Но по счастливой случайности вышло так, что в одной куче со старой газетной бумагой и другим ненужным хламом на чердаке оказались литографированные записи лекций по дифференциальному и интегральному исчислению академика Остроградского, которые некогда слушал мой отец, будучи еще совсем молоденьким офицером. Вот эти-то листы и пошли на обклейку моей детской. В это время мне было лет 11. Разглядывая как-то стены детской, я заметила, что там изображены некоторые вещи, про которые мне приходилось уже слышать от дяди. Будучи вообще наэлектризована его рассказами, я с особенным вниманием стала всматриваться в стены. Меня забавляло разглядывать эти пожелтевшие от времени листы, все испещренные какими-то иероглифами, смысл которых совершенно ускользал от меня, но которые, я это чувствовала, должны были означать что-нибудь очень умное и интересное,— я, бывало, по целым часам стояла перед стеною и все перечитывала там написанное. Должна сознаться, что в то время я ровно ничего из этого не понимала, но меня как будто что-то тянуло к этому занятию. Вследствие долгого рассматривания я многие места выучила наизусть, и некоторые формулы, просто своим внешним видом, врезались в мою память и оставили в ней по себе глубокий след. В особенности памятно мне, что на самое видное место стены попал лист, в котором объяснялись понятия о бесконечно малых величинах и о пределе. Насколько глубокое впечатление произвели на меня эти понятия, видно из того, что когда через несколько лет я в Петербурге брала уроки у А. Н. Страннолюбского, то он, объясняя мне эти самые понятия, удивился, как я скоро их себе усвоила, и сказал: ‘Вы так поняли, как будто знали это наперед’. И действительно, с формальной стороны, многое из этого было мне уже давно знакомо.

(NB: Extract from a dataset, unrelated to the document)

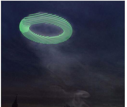 每當(dāng)有一噸化石燃料產(chǎn)生的二氧化碳排放到空氣,煙囪會(huì)形成一個(gè)直徑30米的煙圈,到了晚上也會(huì)有激光投射反應(yīng),提醒人們注意環(huán)保。

Первоначальным систематическим обучением математике я обязана И. И. Малевичу. Это было так давно, что я теперь совсем не помню его уроков, они остались у меня темным воспоминанием. Но несомненно, что они произвели на меня большое влияние и имели важное значение в моем развитии.
В особенности хорошо и своеобразно Малевич преподавал арифметику. Однако я должна сознаться, что в первое время, когда я начинала учиться, арифметика не особенно меня интересовала. По всей вероятности, благодаря влиянию дяди Петра Васильевича, меня более занимали разные отвлеченные рассуждения, например, о бесконечности. Да и вообще, в течение всей моей жизни, математика привлекала меня больше философскою своею стороною и всегда представлялась мне наукою, открывающею совершенно новые горизонты.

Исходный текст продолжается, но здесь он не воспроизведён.